## Your task
Leaving out the pictures, please reproduce exactly and only the lines from the one that contains "第二步:模拟破坏/dev/sda的前512字节,开机重启;" through the last line below.

## Data records
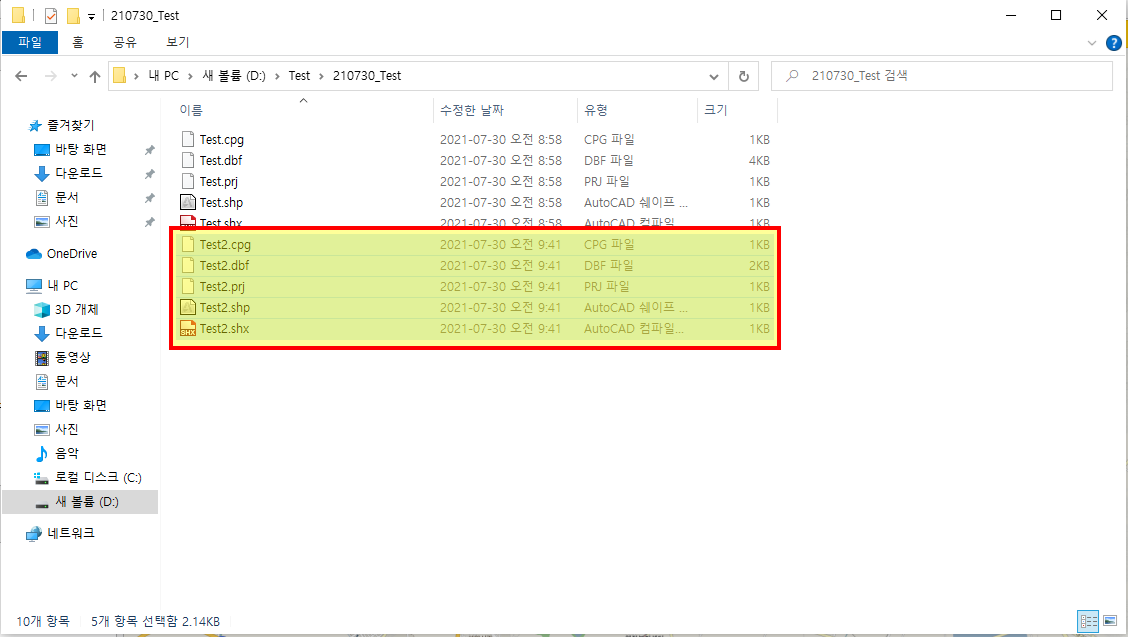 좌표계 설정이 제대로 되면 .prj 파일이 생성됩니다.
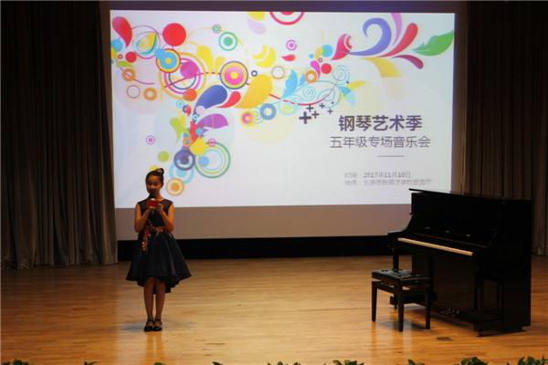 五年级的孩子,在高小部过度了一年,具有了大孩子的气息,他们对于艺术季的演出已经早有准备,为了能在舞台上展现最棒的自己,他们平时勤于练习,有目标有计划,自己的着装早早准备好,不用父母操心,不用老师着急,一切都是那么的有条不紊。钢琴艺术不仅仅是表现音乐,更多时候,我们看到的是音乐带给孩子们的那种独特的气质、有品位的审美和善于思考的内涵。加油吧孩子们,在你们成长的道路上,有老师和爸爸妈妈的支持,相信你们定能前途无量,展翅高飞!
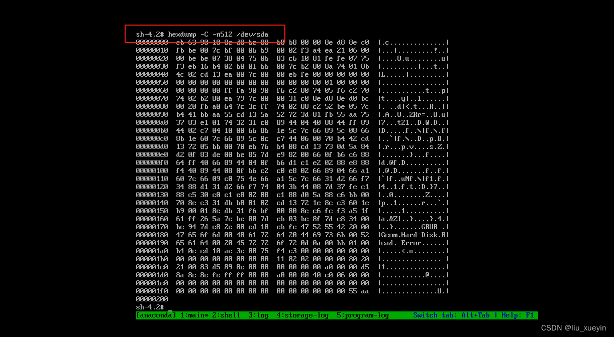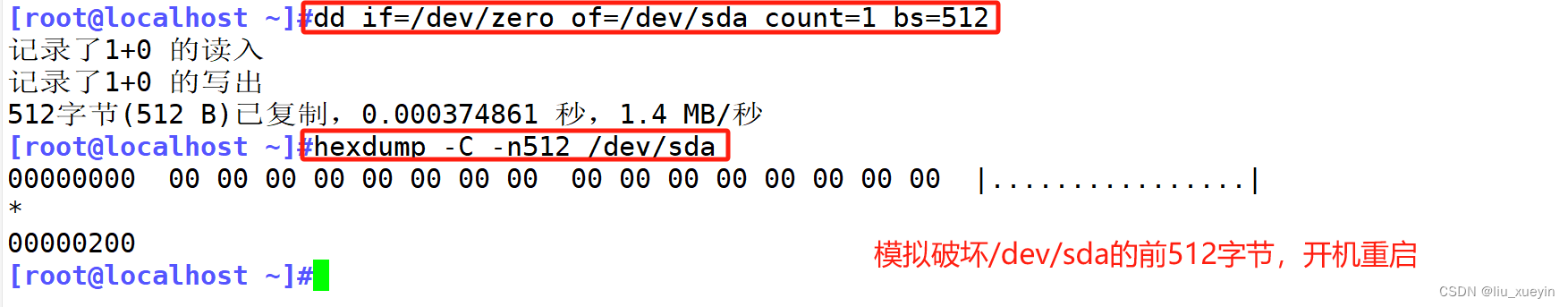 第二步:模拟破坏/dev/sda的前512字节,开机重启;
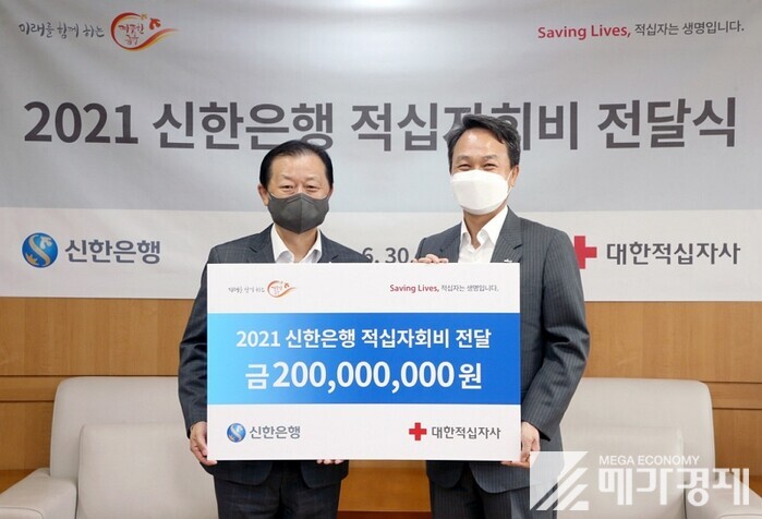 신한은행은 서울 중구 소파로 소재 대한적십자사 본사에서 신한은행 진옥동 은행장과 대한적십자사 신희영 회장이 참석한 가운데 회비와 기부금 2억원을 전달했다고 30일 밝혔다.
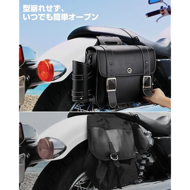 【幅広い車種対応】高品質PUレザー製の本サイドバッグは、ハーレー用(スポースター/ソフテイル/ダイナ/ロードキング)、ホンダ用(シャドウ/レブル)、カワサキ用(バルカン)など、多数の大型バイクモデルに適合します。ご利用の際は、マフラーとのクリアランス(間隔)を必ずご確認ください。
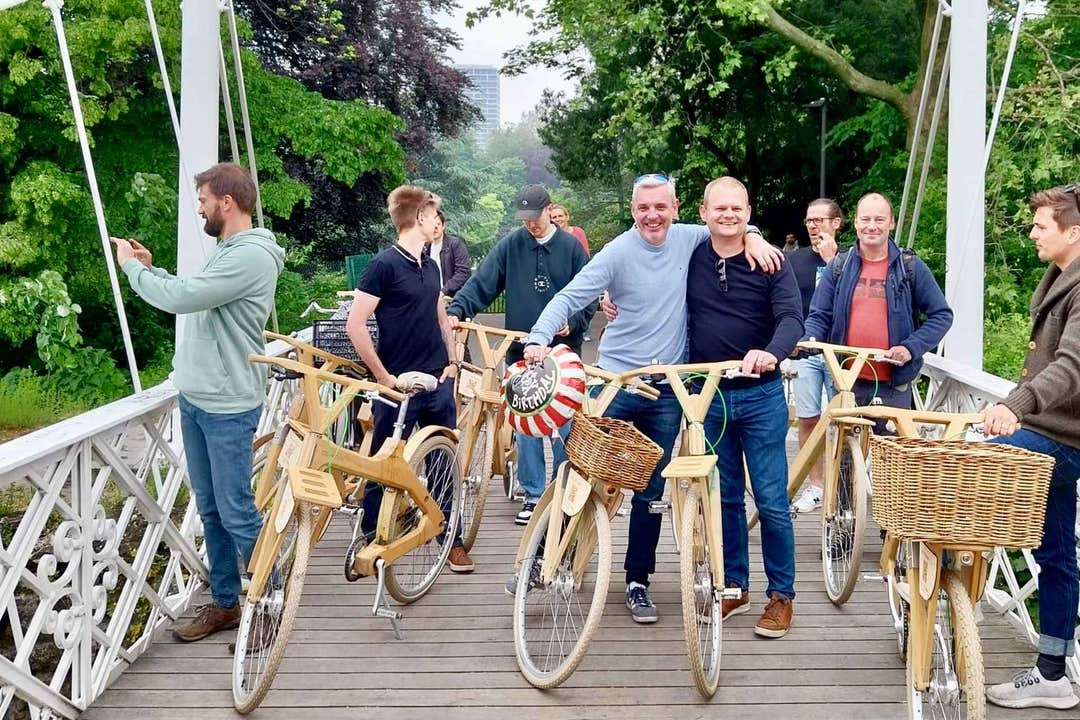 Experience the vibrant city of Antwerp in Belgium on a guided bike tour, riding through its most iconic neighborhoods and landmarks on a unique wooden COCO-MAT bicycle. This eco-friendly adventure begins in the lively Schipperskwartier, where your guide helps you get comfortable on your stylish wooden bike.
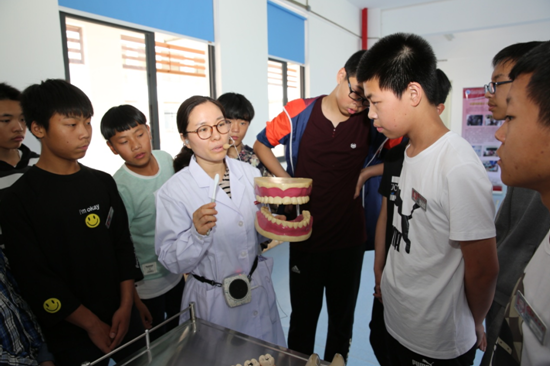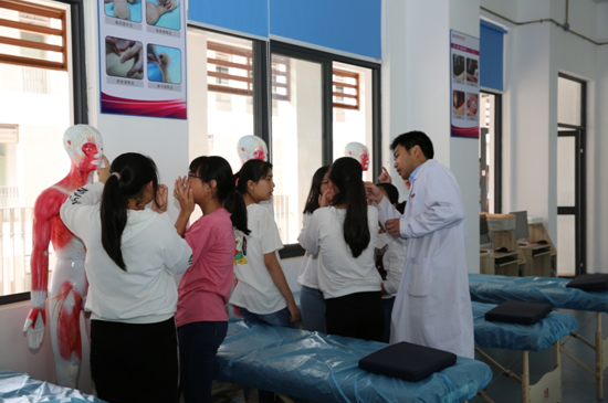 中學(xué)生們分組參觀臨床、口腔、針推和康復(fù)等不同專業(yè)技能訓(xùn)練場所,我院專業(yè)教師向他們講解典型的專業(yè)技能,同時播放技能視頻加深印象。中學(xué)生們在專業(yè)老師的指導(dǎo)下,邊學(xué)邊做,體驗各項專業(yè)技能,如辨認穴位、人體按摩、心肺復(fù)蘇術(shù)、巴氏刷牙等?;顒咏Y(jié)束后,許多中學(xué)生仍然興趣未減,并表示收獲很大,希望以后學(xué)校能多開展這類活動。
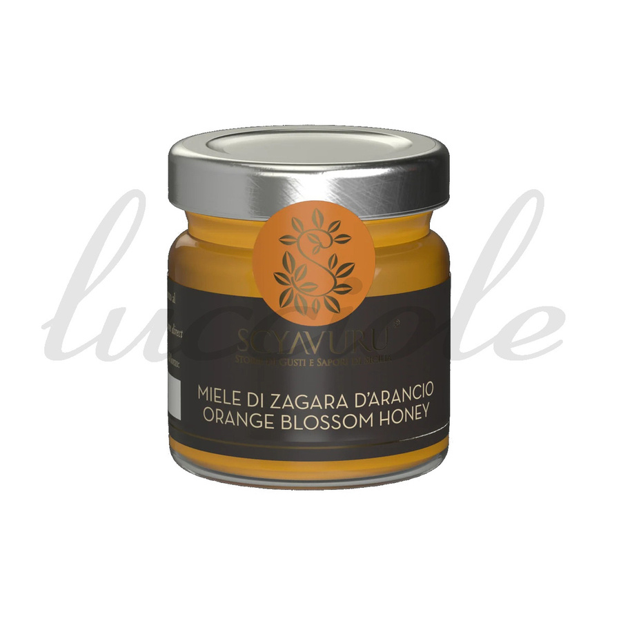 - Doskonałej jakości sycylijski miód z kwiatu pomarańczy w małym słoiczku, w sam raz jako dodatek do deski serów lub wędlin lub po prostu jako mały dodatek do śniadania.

## Solved exercise
 第二步:模拟破坏/dev/sda的前512字节,开机重启;
 신한은행은 서울 중구 소파로 소재 대한적십자사 본사에서 신한은행 진옥동 은행장과 대한적십자사 신희영 회장이 참석한 가운데 회비와 기부금 2억원을 전달했다고 30일 밝혔다.
 【幅広い車種対応】高品質PUレザー製の本サイドバッグは、ハーレー用(スポースター/ソフテイル/ダイナ/ロードキング)、ホンダ用(シャドウ/レブル)、カワサキ用(バルカン)など、多数の大型バイクモデルに適合します。ご利用の際は、マフラーとのクリアランス(間隔)を必ずご確認ください。
 Experience the vibrant city of Antwerp in Belgium on a guided bike tour, riding through its most iconic neighborhoods and landmarks on a unique wooden COCO-MAT bicycle. This eco-friendly adventure begins in the lively Schipperskwartier, where your guide helps you get comfortable on your stylish wooden bike.
 中學(xué)生們分組參觀臨床、口腔、針推和康復(fù)等不同專業(yè)技能訓(xùn)練場所,我院專業(yè)教師向他們講解典型的專業(yè)技能,同時播放技能視頻加深印象。中學(xué)生們在專業(yè)老師的指導(dǎo)下,邊學(xué)邊做,體驗各項專業(yè)技能,如辨認穴位、人體按摩、心肺復(fù)蘇術(shù)、巴氏刷牙等?;顒咏Y(jié)束后,許多中學(xué)生仍然興趣未減,并表示收獲很大,希望以后學(xué)校能多開展這類活動。
 - Doskonałej jakości sycylijski miód z kwiatu pomarańczy w małym słoiczku, w sam raz jako dodatek do deski serów lub wędlin lub po prostu jako mały dodatek do śniadania.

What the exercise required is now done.